The pair discovered a total of 276 distinct facial expressions made toward other cats—not so far removed from the 357 produced by chimpanzees, Florkiewicz says, and well more than many had thought cats capable of. Each expression combined about four of 26 unique facial movements, including parted lips, jaw drops, dilated or constricted pupils, blinks and half blinks, pulled lip corners, nose licks, protracted or retracted whiskers, and/or various ear positions. By comparison, humans have 44 unique facial movements, although researchers are still working out how many different expressions they combine into, Florkiewicz says. Dogs have 27 facial movements, but again, their total number of expressions isn’t known.
In the current study, the duo found that the vast majority of the cats’ expressions were either distinctly friendly (45%) or distinctly aggressive (37%), the scientists say. The remaining 18% were—like the Cheshire Cat’s smile—so ambiguous that they fell into both categories. What exactly the felines were “saying” to one another with these expressions remains unclear, Florkiewicz says.
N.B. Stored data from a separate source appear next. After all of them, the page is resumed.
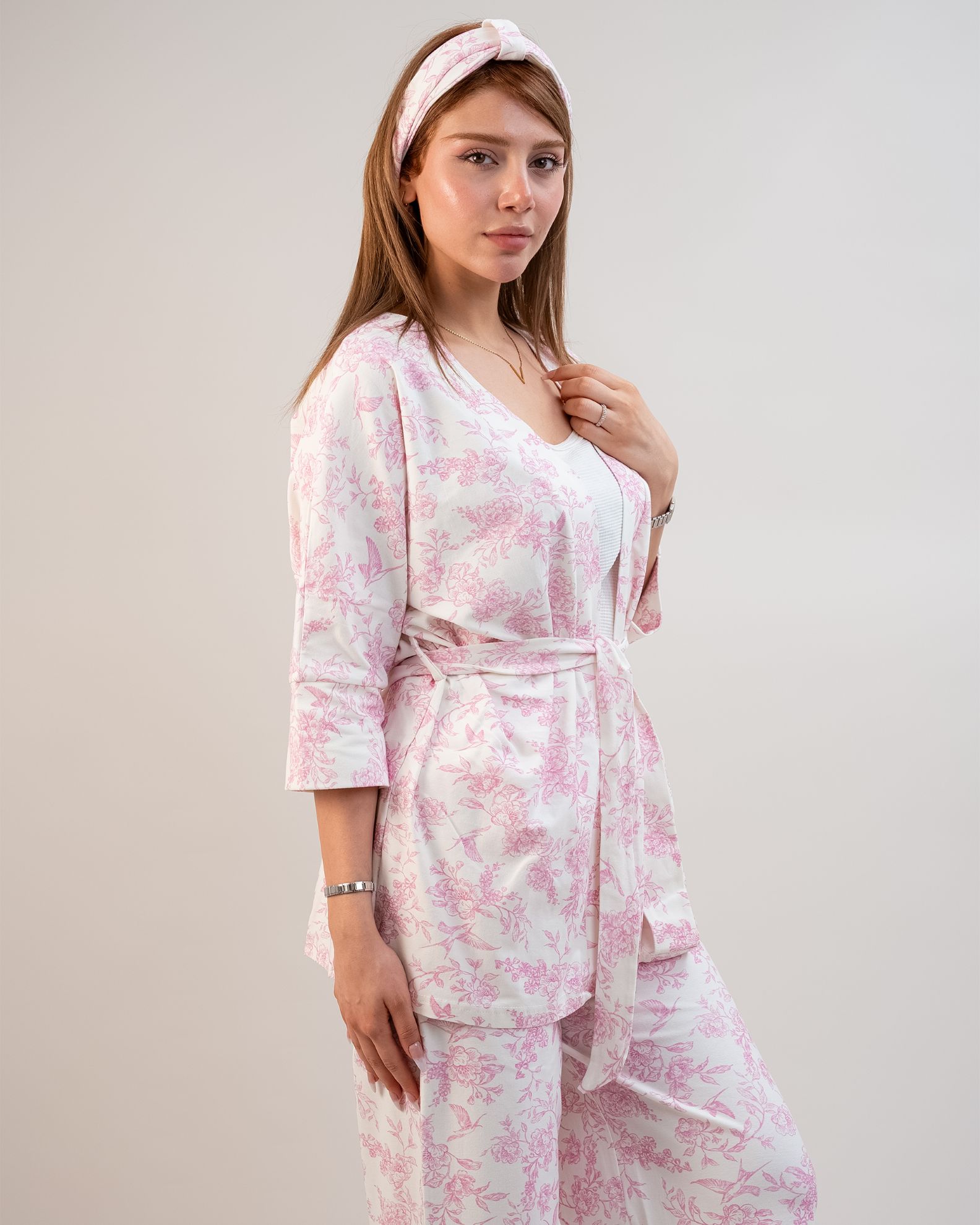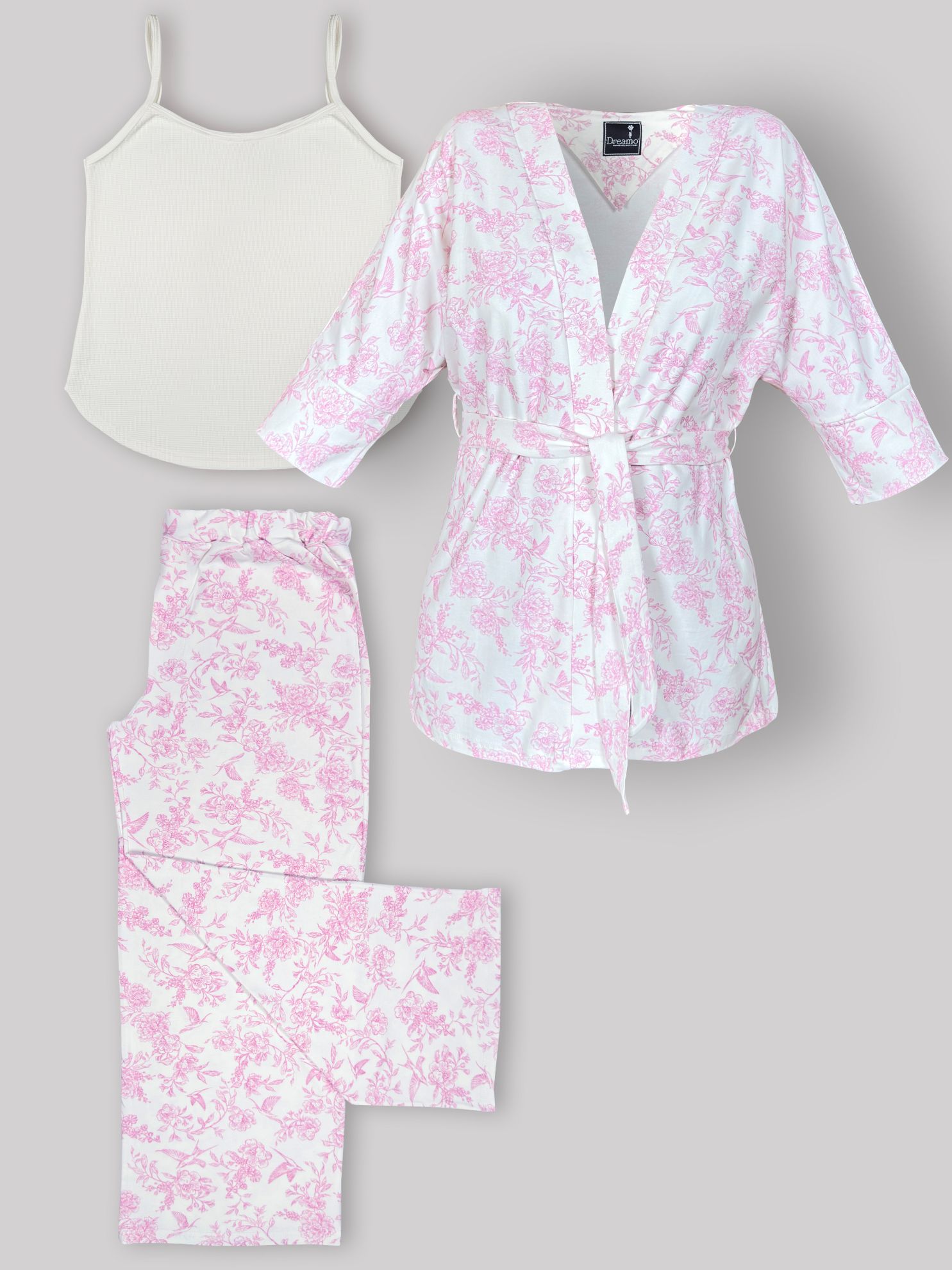 ست 3 تکه راحتی / بیمارستانی (بدون هدبند/ تل) پنبهٔ ارگانیک طرح فلورا (Flora) | برند دریمو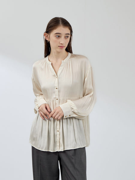 ●POINT特殊な糸を使って作られたとろみのある柔らかい風合いと控えめな光沢が特徴のサテン生地を使用しています。フラットすぎない表情で、繊細な凹凸感で、光と影のコントラストのある質感です。もともと扱いやすい素材ですが、ネック下、袖カフス上、ウエスト切り替え部分にギャザーディテールを取り入れて、一層シワが気になりにくいデザインになっています。分量感を感じながらも、素材の軽やかさやキーネックデザインで抜け感を演出するデザインに。季節が進むに連れてニットアイテムなどとの着合わせも増える時期におすすめの艶感ブラウスです。----------------------------------透け感:ややあり厚さ: やや薄い伸縮性:なし裏地: なしポケット: なし--------------------------------------------------------------------------------------------------洗濯方法家庭洗濯:液温は40℃を限度とし、手洗いができる。自然乾燥:日陰の吊り干しがよい。アイロン:底面温度120℃を限度としてアイロン仕上げができる。ドライクリーニング:石油系溶剤による弱いドライクリーニングができる。----------------------------------------------------------------■モデル身長 165cm 着用サイズ M※画像の商品はサンプルとなりますので実際の商品と仕様、加工、サイズが若干異なる場合がございます。※お客様のモニター環境により実際のお色と多少異なる場合がございます。※撮影状況や光の当たり具合により、色合いが異なって見える場合がございます。関連ワード:QUEENS COURT クイーンズコート レディース 新作 フェミニン 大人コーデ 2025秋冬 2025AW 秋冬 秋物 秋服 ブラウス ポリエステル サテン 無地 長袖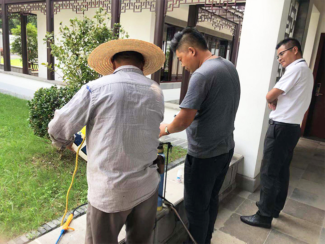 師傅到了現(xiàn)場做了簡單的查看,就開始準備工作。因為是上班時間,打藥的氣味相對有些重,噴藥前通知了每個辦公室關(guān)閉門窗,盡量減小對他們的辦公環(huán)境的影響。趙經(jīng)理相對專業(yè),對操作的師傅要求地面、走廊吊頂木頭裝飾都需噴灑到位,每個角落都需二道工序。要求區(qū)域處理完后,還有多余的藥水,趙經(jīng)理就帶著師傅把院子的綠植給灑了遍藥。

But overall, cats tend to move their ears and whiskers toward another cat during friendly interactions, and to move them away from their compatriot during unfriendly interactions. Constricted pupils and licking lips also tend to accompany such rivalrous encounters. Interestingly, some of the cats’ friendly expressions resemble those made by people, dogs, monkeys, and other animals, Mills says, hinting that these species may share “a common play face”.
Although the researchers haven’t been able to compare their results with those of wild felines, they do know that all close relatives of the domestic cat (including its direct ancestor, the African wildcat), are ferociously solitary animals. Pet cats might have retained some of that defensive communication, Florkiewicz says, but these domestic descendants probably started to pick up friendly facial expressions as they gathered to await humans’ dinner leftovers.
Georgia Mason, a behavioral biologist at the University of Guelph, says she was “very impressed” by the new study. One day it might be used to design an app to help cat owners better understand their pets’ subtle cues, she adds. “This could really help the cat-human bond.”
In the meantime, the findings may help potential adopters select cats that are more likely to get along with their existing pets, Florkiewicz says.